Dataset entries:
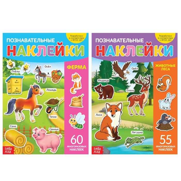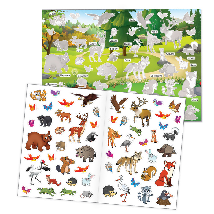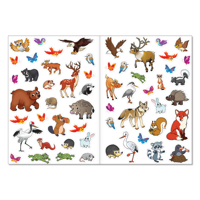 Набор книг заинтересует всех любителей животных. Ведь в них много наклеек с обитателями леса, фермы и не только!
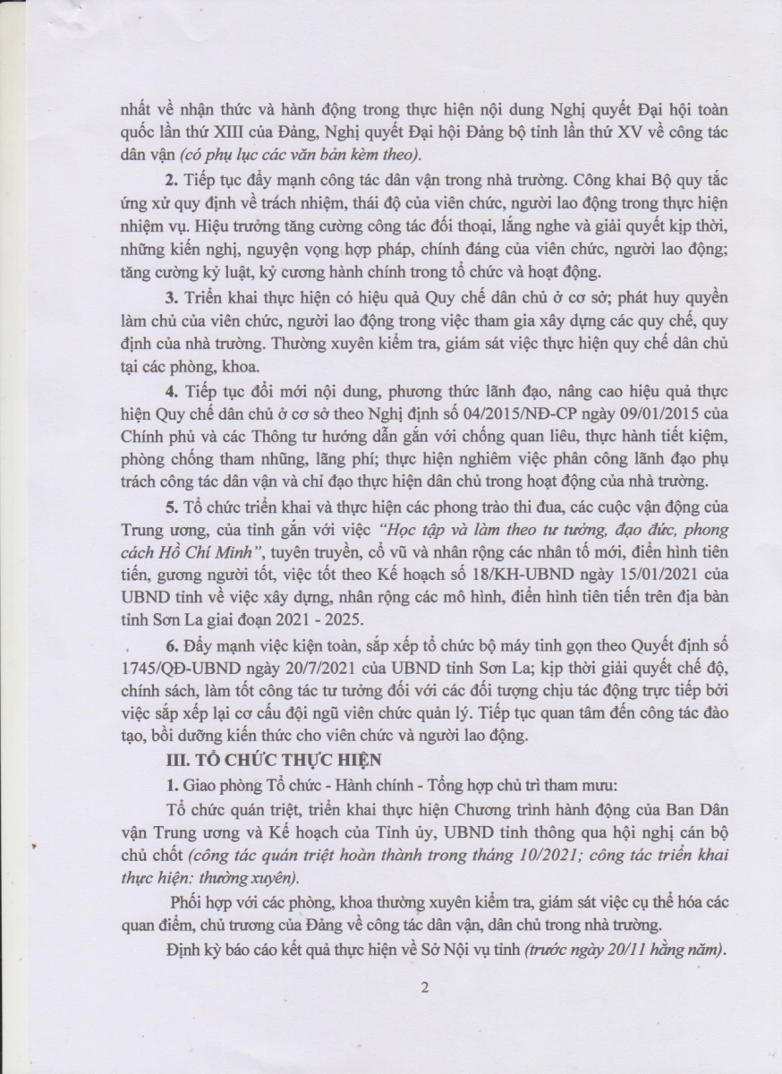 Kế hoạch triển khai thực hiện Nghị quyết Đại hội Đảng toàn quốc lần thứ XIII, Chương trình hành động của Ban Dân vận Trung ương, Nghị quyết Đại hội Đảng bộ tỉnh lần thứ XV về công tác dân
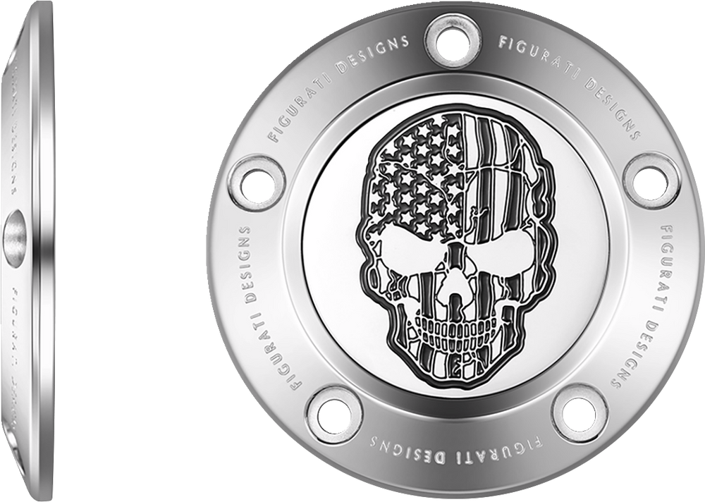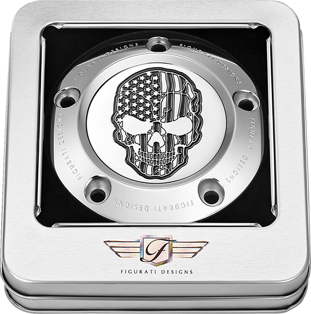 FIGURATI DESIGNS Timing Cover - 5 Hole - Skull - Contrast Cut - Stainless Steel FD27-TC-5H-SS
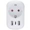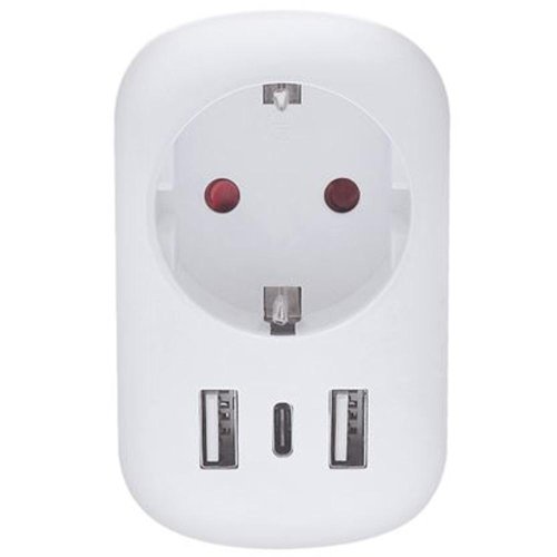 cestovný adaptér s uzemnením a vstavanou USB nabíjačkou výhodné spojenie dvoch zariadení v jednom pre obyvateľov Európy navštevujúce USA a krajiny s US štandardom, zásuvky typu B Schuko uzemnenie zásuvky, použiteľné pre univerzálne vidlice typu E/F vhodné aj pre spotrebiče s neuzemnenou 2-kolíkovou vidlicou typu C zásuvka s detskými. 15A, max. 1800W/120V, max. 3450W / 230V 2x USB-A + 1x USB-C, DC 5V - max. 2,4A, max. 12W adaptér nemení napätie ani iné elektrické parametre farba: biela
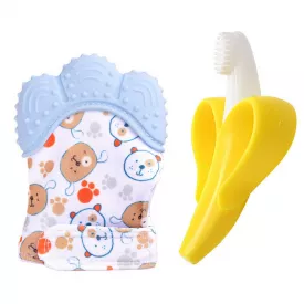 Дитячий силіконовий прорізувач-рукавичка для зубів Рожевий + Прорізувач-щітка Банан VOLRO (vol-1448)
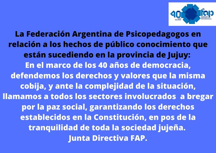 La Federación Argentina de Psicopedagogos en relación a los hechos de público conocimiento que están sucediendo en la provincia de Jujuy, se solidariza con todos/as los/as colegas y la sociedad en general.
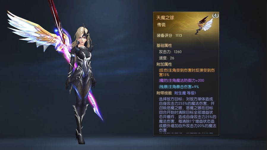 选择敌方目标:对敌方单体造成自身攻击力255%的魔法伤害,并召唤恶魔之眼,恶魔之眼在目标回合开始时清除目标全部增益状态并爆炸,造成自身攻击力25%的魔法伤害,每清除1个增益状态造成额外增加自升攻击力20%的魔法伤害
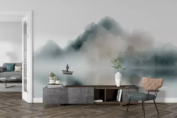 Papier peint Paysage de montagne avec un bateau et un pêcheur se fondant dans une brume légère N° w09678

> **Exercise instructions**:
Nothing but the records, repeated exactly and stripped of pictures, should appear in the answer.

> **Response below**:
 Набор книг заинтересует всех любителей животных. Ведь в них много наклеек с обитателями леса, фермы и не только!
 Kế hoạch triển khai thực hiện Nghị quyết Đại hội Đảng toàn quốc lần thứ XIII, Chương trình hành động của Ban Dân vận Trung ương, Nghị quyết Đại hội Đảng bộ tỉnh lần thứ XV về công tác dân
 FIGURATI DESIGNS Timing Cover - 5 Hole - Skull - Contrast Cut - Stainless Steel FD27-TC-5H-SS
 cestovný adaptér s uzemnením a vstavanou USB nabíjačkou výhodné spojenie dvoch zariadení v jednom pre obyvateľov Európy navštevujúce USA a krajiny s US štandardom, zásuvky typu B Schuko uzemnenie zásuvky, použiteľné pre univerzálne vidlice typu E/F vhodné aj pre spotrebiče s neuzemnenou 2-kolíkovou vidlicou typu C zásuvka s detskými. 15A, max. 1800W/120V, max. 3450W / 230V 2x USB-A + 1x USB-C, DC 5V - max. 2,4A, max. 12W adaptér nemení napätie ani iné elektrické parametre farba: biela
 Дитячий силіконовий прорізувач-рукавичка для зубів Рожевий + Прорізувач-щітка Банан VOLRO (vol-1448)
 La Federación Argentina de Psicopedagogos en relación a los hechos de público conocimiento que están sucediendo en la provincia de Jujuy, se solidariza con todos/as los/as colegas y la sociedad en general.
 选择敌方目标:对敌方单体造成自身攻击力255%的魔法伤害,并召唤恶魔之眼,恶魔之眼在目标回合开始时清除目标全部增益状态并爆炸,造成自身攻击力25%的魔法伤害,每清除1个增益状态造成额外增加自升攻击力20%的魔法伤害
 Papier peint Paysage de montagne avec un bateau et un pêcheur se fondant dans une brume légère N° w09678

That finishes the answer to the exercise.